Similarly, in the hello-retry request confirmation case we compute:

   hrr_accept_confirmation = HKDF-Expand-Label(
      HKDF-Extract(0, ClientHelloInner1.random),
      "hrr ech accept confirmation",
      transcript_hrr_ech_conf,
      8)

The HKDF-Expand-Label and HKDF-Extract algorithms are unmodified from RFC 8446.

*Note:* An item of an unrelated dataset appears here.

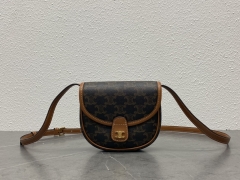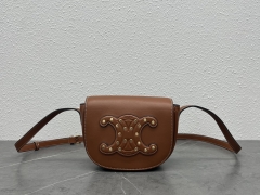 【P1280】Celine FOLCO CUIR 思琳2022春夏铆钉装饰牛皮马鞍包斜挎包 棕色

For a handshake using SHA-384 for the digest algorithm when we confirm ECH acceptance we perform an HKDF expand operation with the info:

    let label = b"ech accept confirmation"; // or b"hrr ech accept confirmation";
    let n = 8;
    const LABEL_PREFIX: &[u8] = b"tls13 ";

    let output_len = u16::to_be_bytes(n as u16);
    let label_len = u8::to_be_bytes((LABEL_PREFIX.len() + label.len()) as u8);
    let context_len = u8::to_be_bytes(context.len() as u8);

    let info = &[
        &output_len[..],
        &label_len[..],
        LABEL_PREFIX,
        label,
        &context_len[..],
        context,
    ];

This works out to be:

  2 bytes for the output len
  1 byte for the label len
  6 bytes for the label prefix
 23 bytes for the ECH confirmation label (or 27 bytes for HRR ECH confirmation label)
  1 byte for the context len
 48 bytes for the context
------------------------------------------
= 81 bytes total

This exceeds the existing MAX_HKDF_INFO_LEN limit of 80 bytes, and so produces an Unspecified error. Equivalent inputs do not cause an error with *ring*, where there doesn't seem to be a limit imposed on the info parameter for HKDF.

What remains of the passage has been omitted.